Pablo Semán y Fernando Chino Navarro se conocen desde cuando militaban en el Partido Intransigente. La amistad que los une ha sobrevivido a la relevancia política de aquella agrupación. Hoy, Pablo Semán es un investigador prolífico, que ha abordado problemáticas diversas: el evangelismo, la música, el populismo. El Chino Navarro es referente del Movimiento Evita y actual Secretario de Relaciones Parlamentarias, Institucionales y con la Sociedad Civil. El camino del político y el del científico social confluyen en este libro. ¿Qué tienen en común –o deberían tener– un político y un cientista social? La preocupación por la sociedad. Ese sentimiento ha dado origen al trabajo reseñado.

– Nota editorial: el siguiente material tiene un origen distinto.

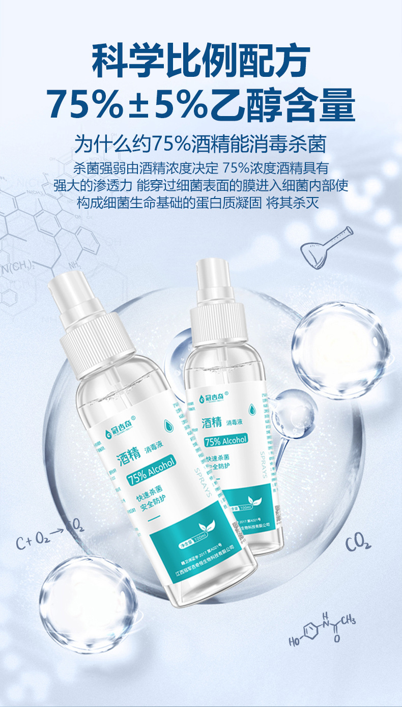 75-градусный дезинфицирующий спиртовой распылитель, 100 мл, не требующий стирки, дезинфицирующее средство для домашней одежды, стерилизация, быстросохнущее пятно, быстросъемное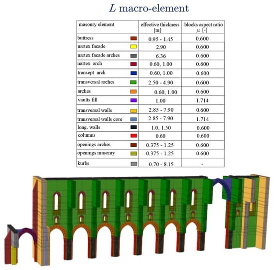 The two-dimensional section shown in Figure 11, L macro-element, consists of a portion of wall about 72 m long and 18.6 m high. The large arch of about 7.0 m in width and 17.0 m in height represents a section of the vault at the transept. At the left of the transept, a sequence of eight arches is visible in the lower part and a sequence of seven openings in the upper part. At the right of the transept, the wall is massive with small openings (Figure 11). The section was discretised by mean of 49,259 triangular elements.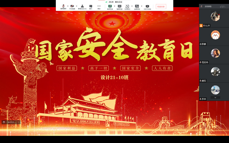 活动以团支部为单位进行,同学们结合当前疫情防控要求,通过主题团课、观看视频、交流研讨、知识竞答等方式,认真学习了国家安全对社会发展的重大意义,更加深刻地领会了习近平总书记“总体国家安全观”重大战略思想的深刻意义。大家体会到站在新的历史起点上,面对百年未有之大变局,我国国家安全的内涵和外延比历史上任何时候都要丰富,维护国家安全和社会稳定的任务十分艰巨。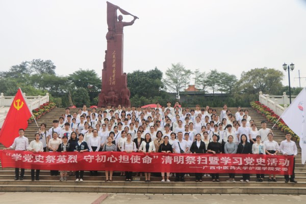 4月13日下午,护理学院党委组织党员、入党积极分子等116人前往广西革命烈士陵园开展“学党史祭先烈、守初心担使命”清明祭扫暨学习党史活动。护理学院党委副书记韩叶芬带队。
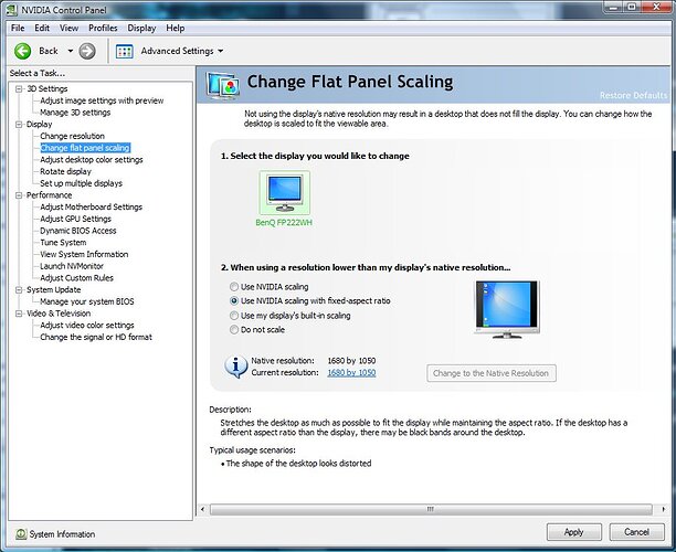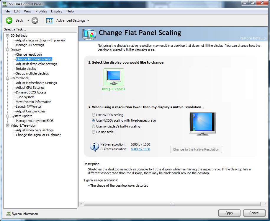 Ensuite, je ne sais pas quoi modifier dans le panneau nVidia, la résolution de l’écran correspond à celle de mon écran (1280x800). Le système s’affiche sans problème SAUF les jeux qui sont ajustés(hélas) quand je les lance.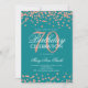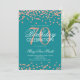 Rose Gold Teal 70th Birthday Glitter Confetti Invitation

A inicios de 2020, los organizadores convocaron a un grupo de investigación compuesto por Paula Cuestas, Antonella Jaime, Sofía Pérez Martirena, Violeta Muñoz, Romina Rajoy, Andrés Santos Sharpe y Nicolás Welschinger, todos sociólogos, antropólogos o de disciplinas afines, con trayectorias académicas y vitales diversas. Cada uno de ellos participó de la escritura de alguno de los ocho capítulos que componen el libro. A partir de más de 100 entrevistas, observaciones etnográficas y el relevamiento de medios de comunicación y redes sociales, los autores abordan las consecuencias de las medidas de aislamiento en la subjetividad de los jóvenes del AMBA. La hipótesis es que dichas medidas exacerbaron procesos previos llevando a un “triple fracking”: de las subjetividades, de las relaciones familiares y laborales y del vínculo entre la sociedad y el Estado. Aunque el libro se centra en la población de entre 17 y 24 años, trata de la sociedad en su conjunto.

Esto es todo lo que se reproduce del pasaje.